Normalized Differential Scattering Probability

[spaghetti3451]

The normalized differential quantum-field-theoretic probability $dP$ of scattering is given by

$dP=\frac{|\langle f |S|i\rangle|^{2}}{\langle f|f\rangle\langle i|i\rangle}d\Pi,$

where $|i\rangle$ is the initial state, $|f\rangle$ is the final state, $\langle f|S|i\rangle$ are the elements (in the basis of the $|i\rangle$ and $|f\rangle$ states) of the $S$-matrix and $d\Pi$ is the region of final state momenta at which we are looking.

The goal of this post is to investigate the normalization of $dP$ and the form of the region $d\Pi$ of final state momenta.
The $\langle f | f \rangle$ and $\langle i | i \rangle$ in the denominator come from the fact that the one-particle states, defined at fixed time, may not be normalized to $\langle f | f \rangle = \langle i | i \rangle = 1$. In fact, such a convention would not be Lorentz invariant.

Also, there are two constraints on the form of $d\Pi$:

1. $d\Pi$ must be proportional to the product of the differential momentum, $d^{3}p_{j}$, of each final state.

2. $d\Pi$ must integrate to $1$.

Therefore, $d\Pi$ must be of the form

##$d\Pi=\prod\limits_{j}\frac{V}{(2\pi)^{3}}d^{3}p_{j}.$$My Question: 1. I understand that$\langle p | p \rangle = (2\pi)^{3}(2\omega_{p})\delta^{3}(0)$so that$\langle p | p \rangle \neq 1$. But why does the fact that$|p\rangle$is not unit-normalized mean that$\langle f | f \rangle$and$\langle i | i \rangle$must be in the denominator of the formula for$dP$?1. In order for$\int d\Pi = 1##, I notice that $\int \frac{dp}{2\pi}=\frac{1}{L}$ via dimensional analysis and a $2\pi$ convention. Can you please explain how dimensional analysis and a $2\pi$ convention lead us to $\int \frac{dp}{2\pi}=\frac{1}{L}$? Is this a heuristic derivation?

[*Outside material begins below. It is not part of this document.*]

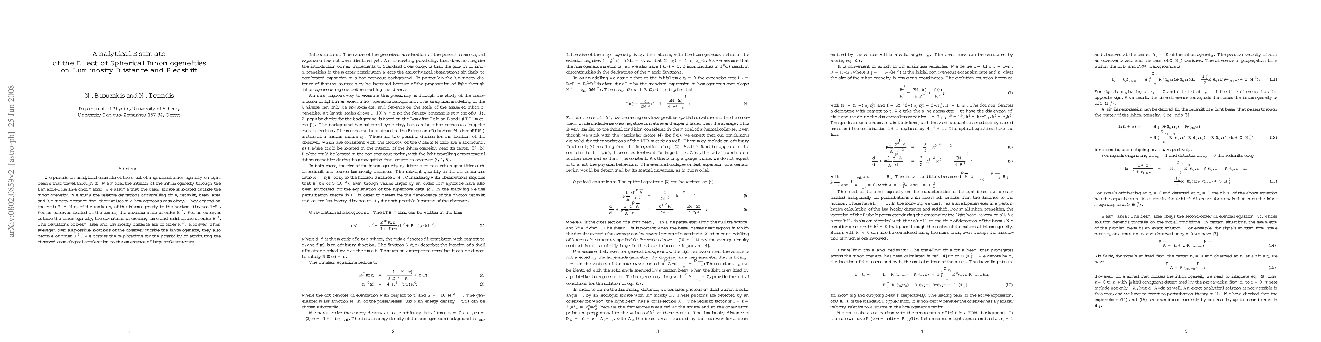 We provide an analytical estimate of the effect of a spherical inhomogeneity on light beams that travel through it. We model the interior of the inhomogeneity in terms of the Lemaitre-Tolman-Bondi metric. We assume that the beam source is located outside the inhomogeneity. We study the relative deviations of travelling time, redshift, beam area and luminosity distance from their values in a homogeneous cosmology. They depend on the ratio Hb=H r_0 of the radius r_0 of the inhomogeneity to the horizon distance 1/H. For an observer located at the center, the deviations are of order Hb^2. For an observer outside the inhomogeneity, the deviations of crossing time and redshift are of order Hb^3. The deviations of beam area and luminosity distance are of order Hb^2. However, when averaged over all possible locations of the observer outside the inhomogeneity, they also become of order Hb^3. We discuss the implications for the possibility of attributing the observed cosmological acceleration to the emergence of large-scale structure.
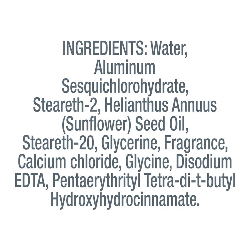 Water, Aluminum Sesquichlorohydrate, Steareth-2, Helianthus Annuus (Sunflower) Seed Oil, Steareth-20, Glycerine, Fragrance, Calcium chloride, Glycine, Disodium EDTA, Pentaerythrityl Tetra-di-t-butyl Hydroxyhydrocinnamate.

2. The normalization $\int d\Pi = 1$ is also the natural continuum limit of having discrete points $x_{i}=\frac{i}{N}L$ and wavenumbers $p_{i}=\frac{2\pi}{L}\frac{i}{N}$ with $i=1, \dots , N$. Can you please explain in detail?

 

[eljose79]

1. The reason why $\langle f | f \rangle$ and $\langle i | i \rangle$ must be in the denominator is because they are the inner products of the final and initial states with themselves, respectively. In quantum mechanics, the probability of finding a particle in a particular state is given by the square of the inner product of that state with itself. In this case, we are looking at the probability of scattering, so the denominator includes the inner products of the initial and final states with themselves.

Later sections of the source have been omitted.